Getting that time and space to think was what I was really the most excited for when I got the Joan Mitchell residency. But COVID ended up being the actual thing that gave me that. It's like I'm always chasing time and money. And weirdly, I got that with COVID... It's like unlearning my life because it's totally against my personality. So, it was really hard and felt really wrong. I was just beating myself up for not making anything, and not doing anything. And then I had to constantly remind myself that I don't need to be pumping out photos to make something meaningful.
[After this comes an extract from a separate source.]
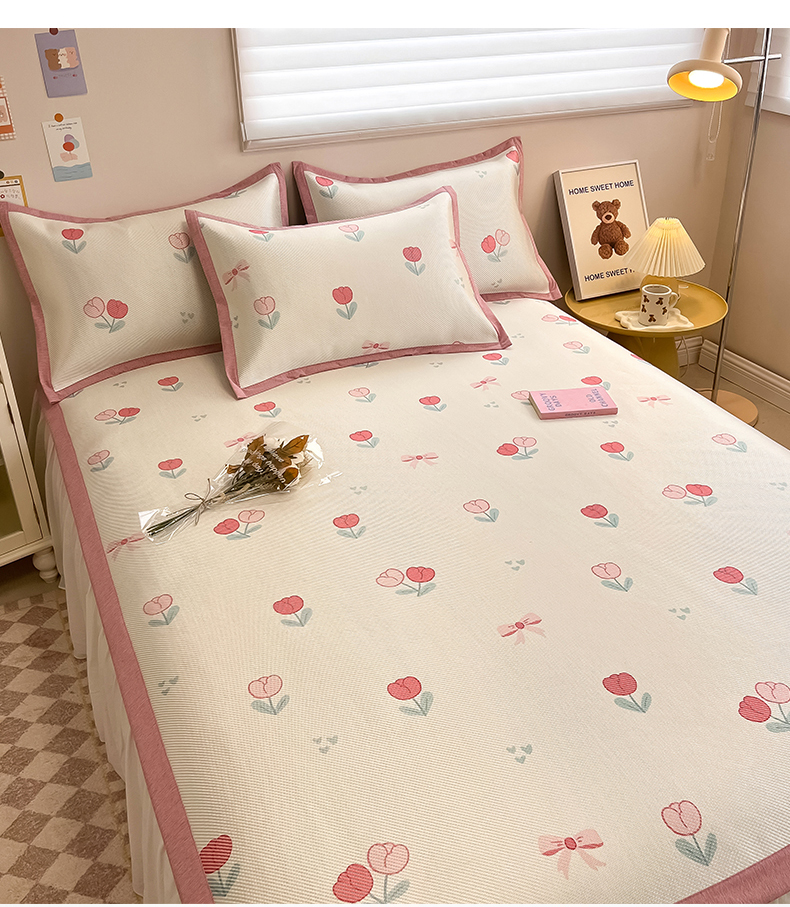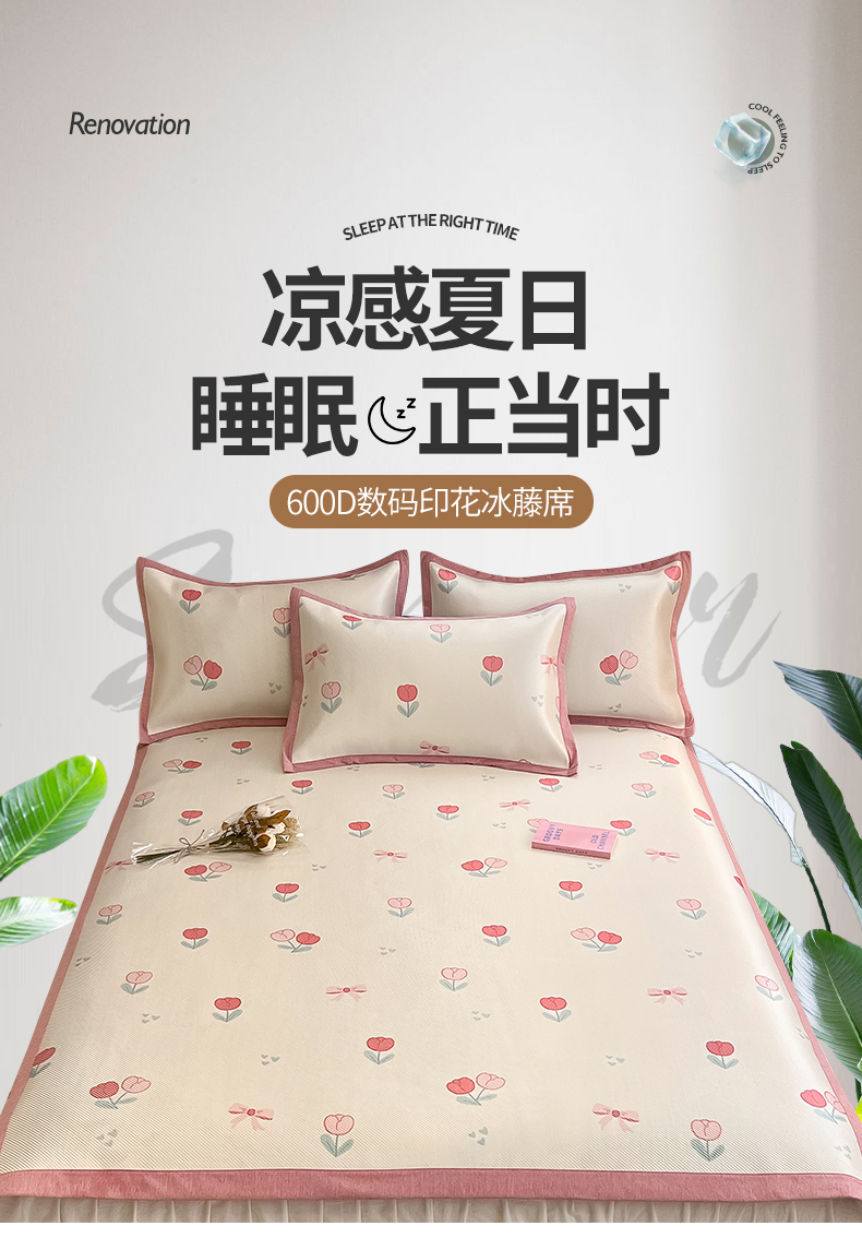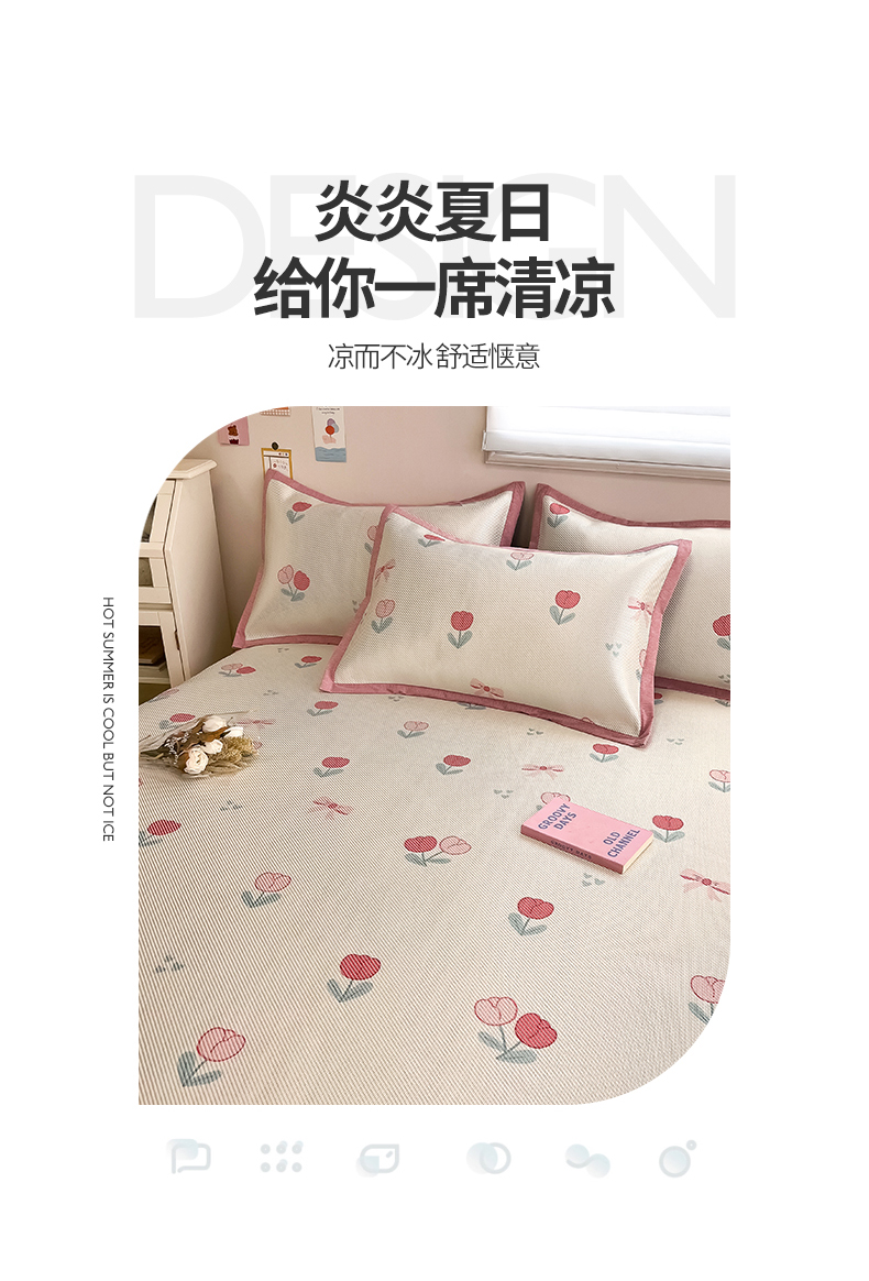 懒猫家纺 2026春夏新款600D数码印花冰藤凉席席子-床笠款 郁金香

Now that the pandemic is subsiding a little bit, and I’m continuing on this project with my sister and starting to put together a portfolio of that, and pitch it out to publications, and actually get the word out there in a way that I've never really done before. So, that's exciting. I’m finally putting some older projects to rest, and thinking about some other really different approaches to new work. Food and my body are two things I have always thought about alongside my work but never tied them in, so I'm starting to think about how to get the ideas out of my head and into something physical.